*** Data listing Section Begins ***
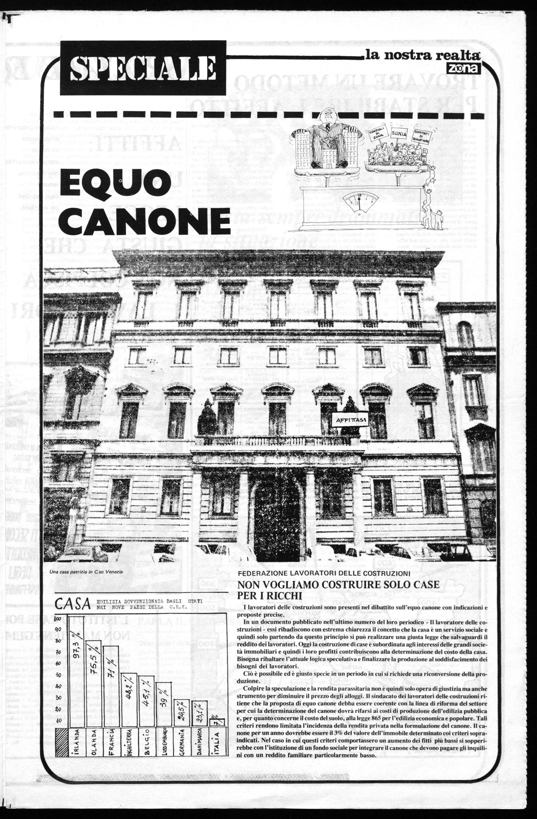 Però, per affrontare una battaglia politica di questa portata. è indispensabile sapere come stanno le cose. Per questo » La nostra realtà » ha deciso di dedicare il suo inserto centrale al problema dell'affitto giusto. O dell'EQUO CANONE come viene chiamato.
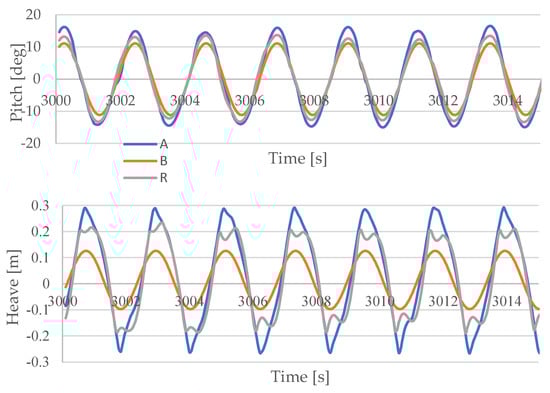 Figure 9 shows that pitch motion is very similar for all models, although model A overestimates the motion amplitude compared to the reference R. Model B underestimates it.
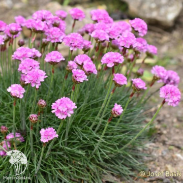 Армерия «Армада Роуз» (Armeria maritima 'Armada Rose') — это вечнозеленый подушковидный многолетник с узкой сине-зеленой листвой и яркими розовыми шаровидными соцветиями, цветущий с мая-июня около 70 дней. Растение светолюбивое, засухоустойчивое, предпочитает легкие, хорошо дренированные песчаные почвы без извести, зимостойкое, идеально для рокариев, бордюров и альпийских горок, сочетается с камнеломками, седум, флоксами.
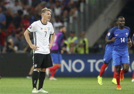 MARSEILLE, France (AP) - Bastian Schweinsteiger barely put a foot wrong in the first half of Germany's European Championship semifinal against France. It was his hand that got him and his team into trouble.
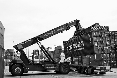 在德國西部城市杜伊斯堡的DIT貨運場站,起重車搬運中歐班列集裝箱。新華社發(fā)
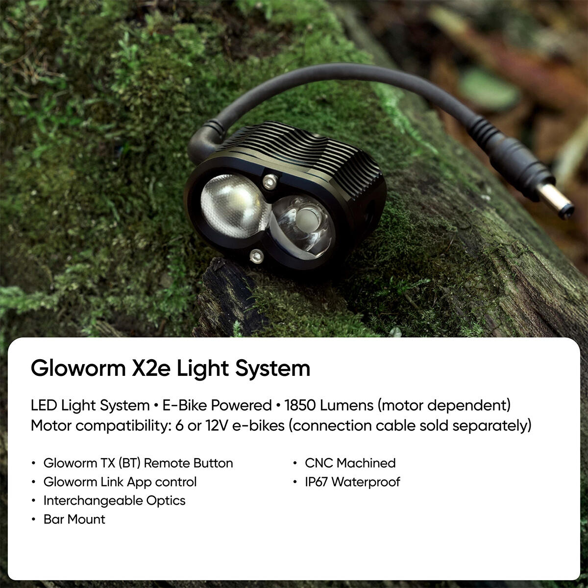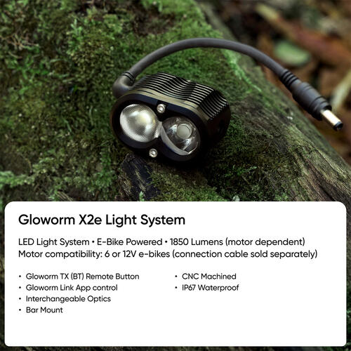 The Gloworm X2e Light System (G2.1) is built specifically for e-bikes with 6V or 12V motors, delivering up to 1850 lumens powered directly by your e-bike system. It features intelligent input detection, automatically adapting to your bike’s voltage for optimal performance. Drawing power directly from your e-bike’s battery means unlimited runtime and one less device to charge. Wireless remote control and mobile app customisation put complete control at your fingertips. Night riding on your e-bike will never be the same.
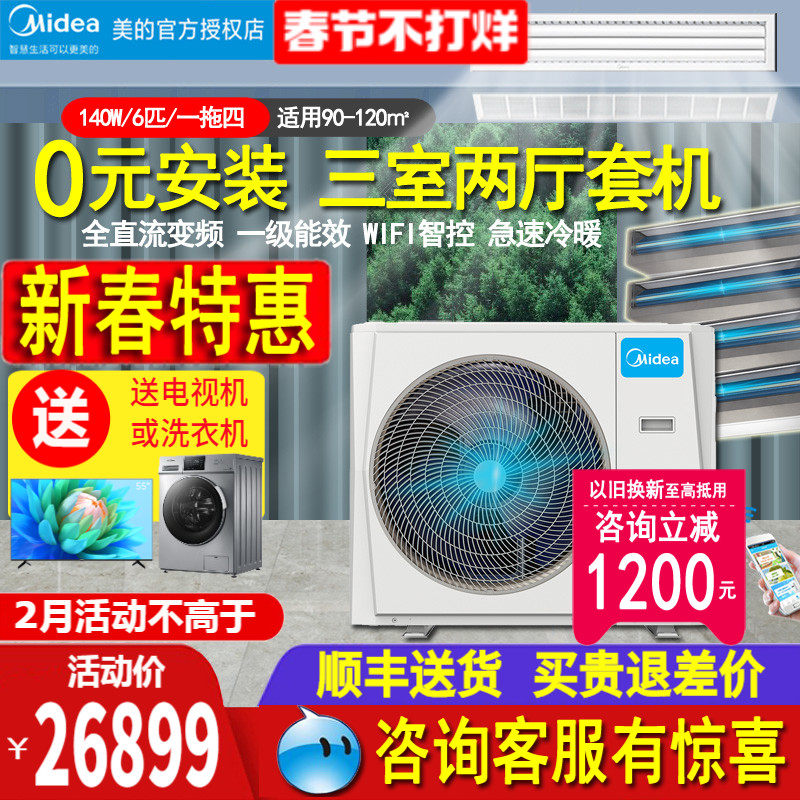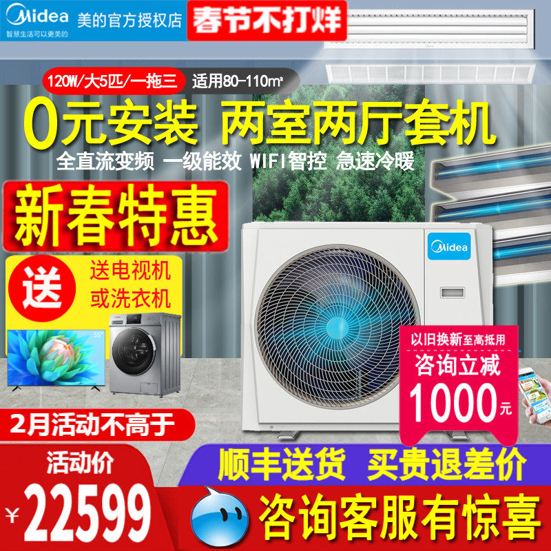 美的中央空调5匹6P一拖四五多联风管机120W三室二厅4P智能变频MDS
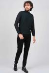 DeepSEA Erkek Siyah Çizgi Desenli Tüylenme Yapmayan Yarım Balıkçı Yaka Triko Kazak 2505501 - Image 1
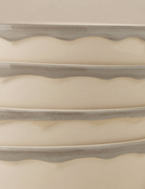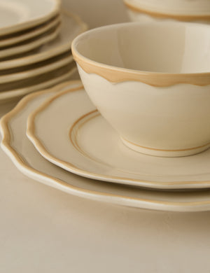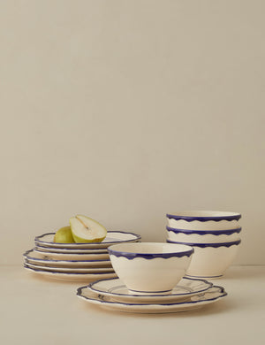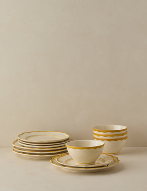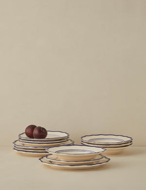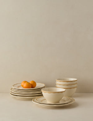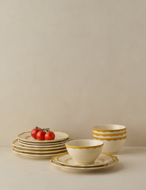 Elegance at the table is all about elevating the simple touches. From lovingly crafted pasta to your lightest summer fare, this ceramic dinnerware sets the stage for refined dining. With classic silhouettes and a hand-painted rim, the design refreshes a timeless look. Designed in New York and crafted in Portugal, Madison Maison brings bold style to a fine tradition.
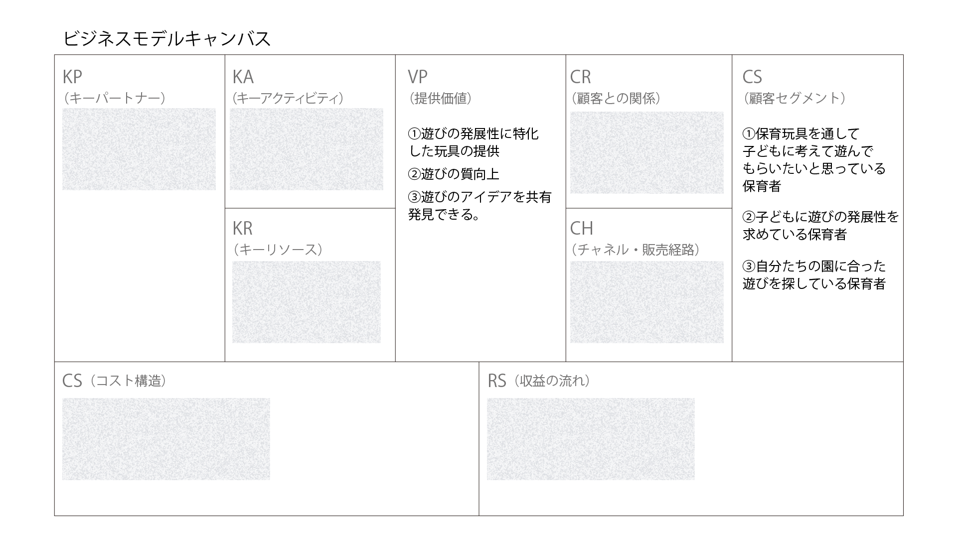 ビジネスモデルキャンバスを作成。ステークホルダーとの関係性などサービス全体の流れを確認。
*** Data listing Section Ends ***
*** Data listing Section Begins ***
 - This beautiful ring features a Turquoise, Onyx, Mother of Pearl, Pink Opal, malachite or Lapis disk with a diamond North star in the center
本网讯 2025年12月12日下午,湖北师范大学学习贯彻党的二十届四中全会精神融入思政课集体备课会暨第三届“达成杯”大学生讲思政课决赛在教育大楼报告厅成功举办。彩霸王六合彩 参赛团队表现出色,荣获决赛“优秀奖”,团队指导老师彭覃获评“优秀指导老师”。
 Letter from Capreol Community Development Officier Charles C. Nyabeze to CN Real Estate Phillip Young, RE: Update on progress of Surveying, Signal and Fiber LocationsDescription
*** Data listing Section Ends ***
*** Data listing Section Begins ***
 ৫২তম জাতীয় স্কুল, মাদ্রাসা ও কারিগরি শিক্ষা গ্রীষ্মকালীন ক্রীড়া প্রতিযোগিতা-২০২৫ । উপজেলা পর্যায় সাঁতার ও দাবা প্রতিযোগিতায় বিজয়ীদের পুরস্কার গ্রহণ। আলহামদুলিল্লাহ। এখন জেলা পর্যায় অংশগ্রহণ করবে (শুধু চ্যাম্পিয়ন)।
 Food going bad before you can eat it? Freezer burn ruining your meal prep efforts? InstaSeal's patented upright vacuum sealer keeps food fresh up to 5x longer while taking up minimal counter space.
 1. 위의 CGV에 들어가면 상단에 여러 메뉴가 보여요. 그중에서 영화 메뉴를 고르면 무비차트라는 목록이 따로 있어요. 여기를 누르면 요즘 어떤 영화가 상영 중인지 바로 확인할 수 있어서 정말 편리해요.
*** Data listing Section Ends ***
Word for word, restate the lines above from the one with "MARSEILLE, France (AP)" through the one with "在德國西部城市杜伊斯堡的DI", keeping both ends and dropping the pictures.

 MARSEILLE, France (AP) - Bastian Schweinsteiger barely put a foot wrong in the first half of Germany's European Championship semifinal against France. It was his hand that got him and his team into trouble.
 在德國西部城市杜伊斯堡的DIT貨運場站,起重車搬運中歐班列集裝箱。新華社發(fā)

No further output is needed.